▶ [Material provided]
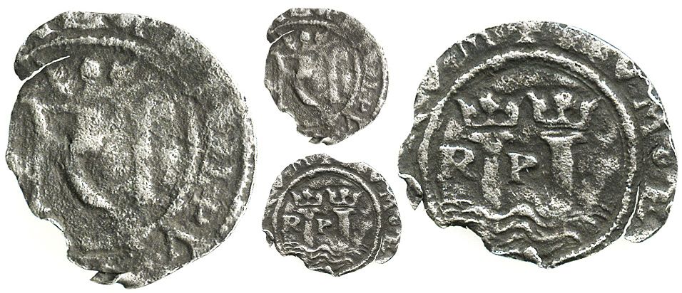 Lima, Peru, 1/2 real, Philip II, assayer R (Rincon). S-L1; KM-3; CT-702. 0.7 gram. Thin and corroded (small piece of edge missing) from salvage (probably Rimac River), but with full inner details and some legend, toned VF overall.
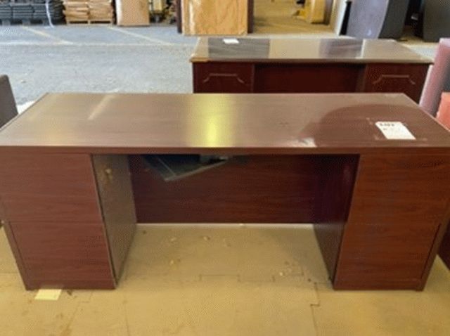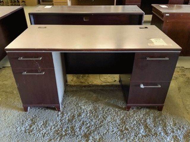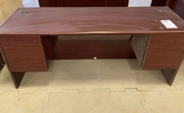 Red Wood Four Drawer Office Desk
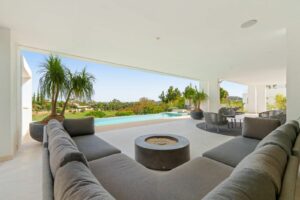 Introducing your new home, a striking contemporary villa in the heart of Nueva Andalucía, enjoying a privileged frontline golf position. With clean architectural lines, expansive terraces, and floor-to-ceiling windows, this home is designed to maximize natural light and uninterrupted views of the fairways, offering a seamless blend of indoor and outdoor living.
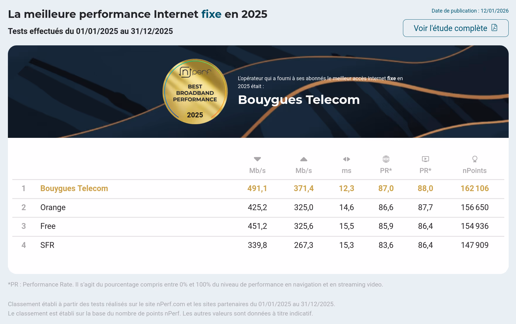 L'année 2025 a été marquée par une concurrence intense et le déploiement massif de box équipées du Wi-Fi 7, accompagnées d'offres à très haut débit toujours plus attractives. Bouygues Telecom a consolidé sa position de leader. Les quatre opérateurs français ont poursuivi leurs investissements, se traduisant par des gains notables : +25% sur le débit descendant, +26%sur le débit montant, et une réduction de 9% de la latence.
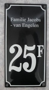 -Handgemaakt, -traditioneel gebakken. Vele variaties in kleur en lettertype mogelijk. Het huisnummer is altijd in het sier lettertype.

▶ [Exercise description]
From the first line to the last, repeat the records exactly. Leave out the pictures.

▶ [Answer]
 Lima, Peru, 1/2 real, Philip II, assayer R (Rincon). S-L1; KM-3; CT-702. 0.7 gram. Thin and corroded (small piece of edge missing) from salvage (probably Rimac River), but with full inner details and some legend, toned VF overall.
 Red Wood Four Drawer Office Desk
 Introducing your new home, a striking contemporary villa in the heart of Nueva Andalucía, enjoying a privileged frontline golf position. With clean architectural lines, expansive terraces, and floor-to-ceiling windows, this home is designed to maximize natural light and uninterrupted views of the fairways, offering a seamless blend of indoor and outdoor living.
 L'année 2025 a été marquée par une concurrence intense et le déploiement massif de box équipées du Wi-Fi 7, accompagnées d'offres à très haut débit toujours plus attractives. Bouygues Telecom a consolidé sa position de leader. Les quatre opérateurs français ont poursuivi leurs investissements, se traduisant par des gains notables : +25% sur le débit descendant, +26%sur le débit montant, et une réduction de 9% de la latence.
 -Handgemaakt, -traditioneel gebakken. Vele variaties in kleur en lettertype mogelijk. Het huisnummer is altijd in het sier lettertype.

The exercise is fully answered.